И, указывая рукой на просторную гостиную, фру Ларсен искренне сказала ей:
— Вот большая и нарядная комната. Но здесь так неуютно и так одиноко, что я…
Последние слова потонули в ее вздохе.
И Зигрид пришла к ней после обеда, когда на землю спустился предвечерний зимний туман.

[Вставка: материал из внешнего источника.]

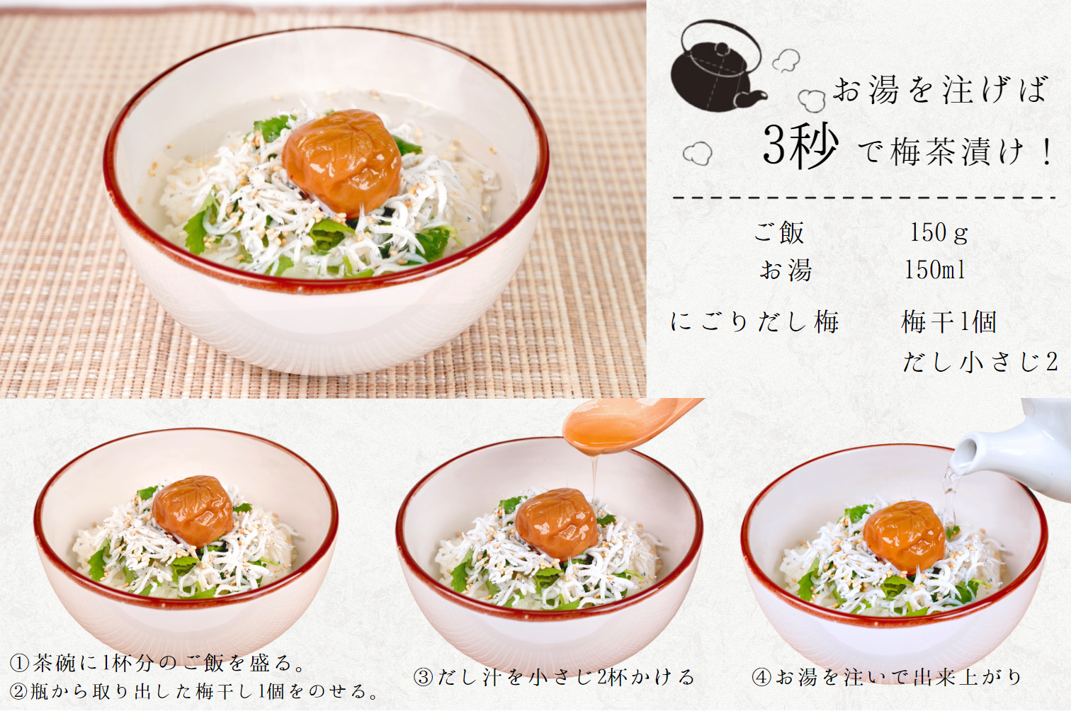 当商品は「お茶漬け専用」と謳っているものの、梅干しのみならずだしも使えば様々な料理に使用することが出来ます。例えば、腸活としてSNS等でも話題の食事療法「梅流し」も大根のみご準備いただければ当商品で手軽に作ることが出来ます。(※梅流しは頻繁に行うと、腸内の老廃物や悪玉菌だけでなく、善玉菌まで洗い流してしまいますのでご注意ください。)他にも、白米やお味噌を加えておじやにしてみたり、旬のお野菜とお水と一緒に梅干しやだしも煮込んで頂いても美味しくお召し上がり頂けます。杏耶さん考案レシピも商品ページにて公開中。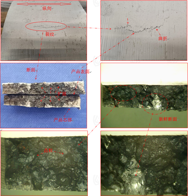 1.产品开裂分多个阶段,在热处理加工工艺中存在过热现象;整体看,裂纹自表面产生,向产品芯部方向扩展;产生于高温锻造或高温淬火工艺过程中;

И снова с живым внутренним трепетом она вслушивалась в взволнованный рассказ о мужественном самоотречении, о сдерживаемом отчаянии и о стойкой жажде не сдаваться до конца. Какой-то знакомый характер неясно выплыл вдруг перед Зигрид. Кто же это был, такой же несдающийся и в то же время исполненный самоотречения? Встретила она его в жизни или в книге?
Но Тумасова продолжала рассказывать. Зигрид некогда было хорошенько подумать и вспомнить, и только когда девушка конфузливо рассказала о спокойном эгоизме своего отца, это слово вызвало ушедшую тень Ивара Ларсена. Зигрид сразу сказала себе: сходство далекое, но все-таки оно имеется. И ей стало непостижимо приятно, точно она явилась к сестре.
Тогда она дружески улыбнулась, взяла Тумасову за руку и не забыла отметить про себя тщательную отделку ее розовых ногтей.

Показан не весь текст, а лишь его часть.